In the days since Sun Hee had left for Korea, I masturbated almost constantly.

My hand tugged my cock helplessly as I relived my time with Sun Hee. Finally free of her chastity cage, paradoxically I couldn't stop thinking about what it was like being caged by her. It was an obsession.

I jerked off remembering Sun Hee's beautiful face: her fine elfin features, her large dark eyes that seemed to look into your soul, her wide, soft mouth, and her long, black Korean hair. I jerked off to her large breasts. I jerked off to her flat stomach and narrow hips. I jerked off imagining what it would feel like sliding my cock into her impossibly tight pussy. And, strangely, I jerked off even more to the way she had kept denying me any access to her cunt.

I had never felt her, never fucked her, though clearly others had, and almost certainly others had again. Worse, I tortured myself with the possibility that even now in Korea she was having sex with someone else.

Sexy, smart, and sweet, Sun Hee was by far the hottest girl I had ever known, and I had lost her. Yet the pain of heartbreak merged and confused with the erotic memory of submitting to her: the click of the lock as she caged me, the way she teased me in front of her friends at the library, and the intense imagination of spreading for another man and crying out in pleasure as he penetrated her.

Even as my heart ached at losing her my cock ached with need, and the more my cock ached the more my heart hurt. And the more my heart hurt, my cock ached.

At some level I must have known what I was doing. I was eroticizing the pain at losing Sun Hee. I was eroticizing the pain of her sleeping with someone else. I was training myself to associate the ache of her betrayal with the throbbing arousal of my cock, imprinting deep into my psyche the idea that I wanted to feel this way, rewiring myself. Part of me understood this was a bad idea - but if felt so good. I couldn't help it.

Maybe Sun Hee expected this would happen too? Maybe this was her plan all along?

That made me jerk even more, submitting myself to her.

So I jerked and jerked. I jerked myself raw. All while thinking obsessively about Sun Hee.

Day by day through the winter break, finally free of her chastity cage, I must have jerked off and spilled in every corner of my parent's house and during every hour of the day. I went through an entire box of tissues, and then another.

It felt heavenly to cum, even as my pleasure was mixed with the bittersweet agony of our break up.

But naturally I wanted more. I wanted Sun Hee.

***

The process of reconnecting with her started slowly. For several days I agonized over whether to contact Sun Hee and what I should say. Keep it simple, I told myself. Don't overwhelm her. If she wants to talk to you, she will. How does the cliche go? If you love someone, set them free.

So I kept things simple. It was hard, but I reined myself in from sending the long, rambling love letters I kept writing despite myself. And instead I started with a simple note of support that I sent by email: "Dear Sun Hee, I hope you are having a nice break in Korea. I know you must miss home."

When she didn't reply right away, I freaked out. I kept checking email almost as often as I was jerking off, and when a day passed without hearing back from her, I started writing another long and rambling love letter. Thank god I didn't send it.

Finally, two days later I got a reply: "Thanks for your note. It was nice hearing from you." That was it. Seeing those few words from her on the screen made me feel both flushed and chilled at the same time, loved and abandoned.

And so things went between us for several days, slow and cautious.

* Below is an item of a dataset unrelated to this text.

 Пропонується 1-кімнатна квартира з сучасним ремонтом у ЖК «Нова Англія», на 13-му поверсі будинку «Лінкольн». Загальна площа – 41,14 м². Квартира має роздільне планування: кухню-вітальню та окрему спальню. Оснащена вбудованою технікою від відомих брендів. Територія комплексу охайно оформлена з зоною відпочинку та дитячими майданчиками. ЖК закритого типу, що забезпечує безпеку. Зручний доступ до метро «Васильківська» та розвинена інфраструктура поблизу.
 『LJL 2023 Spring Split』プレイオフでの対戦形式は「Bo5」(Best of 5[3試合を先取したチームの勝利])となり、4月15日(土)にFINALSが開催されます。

We shared a few emails, always carefully neutral and brief, and gradually we built up to longer messages in which we shared our days and talked about the petty frustrations of family.

Something of the familiar intimacy of when we first started dating returned, and it felt magical. Weirdly, though, the return of this intimacy stressed me out even more. Knowing now how easily it could be broken, I was even more afraid we would lose it again.

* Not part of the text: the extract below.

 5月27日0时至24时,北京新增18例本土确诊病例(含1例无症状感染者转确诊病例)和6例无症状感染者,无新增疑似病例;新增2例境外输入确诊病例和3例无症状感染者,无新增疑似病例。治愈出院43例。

The first time we skyped together was a revelation. Sun Hee's face was suddenly right there in front of me on the computer screen. She looked as beautiful as ever. My heart melted.

I must have looked as stunned as I felt, just staring at the screen for several moments with my mouth open.

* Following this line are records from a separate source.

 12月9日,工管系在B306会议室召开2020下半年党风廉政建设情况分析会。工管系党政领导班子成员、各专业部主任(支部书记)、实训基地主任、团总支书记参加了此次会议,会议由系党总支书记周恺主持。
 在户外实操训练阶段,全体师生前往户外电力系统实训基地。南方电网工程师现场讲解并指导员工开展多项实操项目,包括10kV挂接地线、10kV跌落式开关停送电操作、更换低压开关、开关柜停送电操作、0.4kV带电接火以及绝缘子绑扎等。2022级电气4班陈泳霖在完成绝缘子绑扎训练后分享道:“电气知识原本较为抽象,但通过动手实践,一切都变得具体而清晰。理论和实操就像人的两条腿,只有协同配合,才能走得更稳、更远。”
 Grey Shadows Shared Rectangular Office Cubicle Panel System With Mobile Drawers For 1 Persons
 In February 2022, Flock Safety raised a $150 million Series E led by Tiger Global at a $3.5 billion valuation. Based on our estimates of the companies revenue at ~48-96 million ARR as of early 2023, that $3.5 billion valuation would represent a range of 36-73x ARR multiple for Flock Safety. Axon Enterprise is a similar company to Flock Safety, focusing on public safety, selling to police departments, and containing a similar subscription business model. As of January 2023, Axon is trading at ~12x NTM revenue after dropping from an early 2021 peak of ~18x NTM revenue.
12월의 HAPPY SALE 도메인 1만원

Registering how flustered she made me, Sun Hee smiled and then started to giggle. She crooked the corner of her mouth in that special way she does, and asked, "Wow, has the cat captured your tongue?"

The slightly off version of the idiom was charming. Sun Hee's English was very good, but those little moments when her Korean stood out were endearing. Everything about her was endearing!

I blushed in response to her question and lowered my eyes, which led Sun Hee to smile wider, and just like that our familiar pattern was reestablished. I was hopelessly in love with her, and she knew it. I was submissive to her, and she knew it.

We didn't talk about what had happened between us, and by unspoken agreement we weren't ready to. We didn't talk about sex or Sebastian or any of the other things that had become so intense between us. Not yet.

***

Skyping became more regular. It was hard though because L.A. was 9 hours off from Seoul in timezone, so morning for her was night time for me and vice versa. That meant there was only a brief window everyday when we could talk. It became our special time.

One morning, during a rare moment she had the apartment to herself, she took me on a tour of her parents' place by carrying her laptop from room to room. Sun Hee's bedroom in Korea was tiny and sparsely furnished, but it had a clean elegance that drove home to me that she really was from a foreign country. Everything was so small but so neat and efficient.

When she took me out onto the tiny garden patio, way up on the 23rd floor of their building, the view out over Seoul was breathtaking. I was stunned how beautiful it was. High-rise apartment buildings filled the foreground, and hidden amongst the trees of a large park she pointed out the walls of an old palace. Mountains rounded with age and thick with vibrant green trees dotted the landscape.

***

Sun Hee complained about how her mother and brother treated her around the house, her mother constantly giving her chores and her brother ordering her about while enjoying his own privilege.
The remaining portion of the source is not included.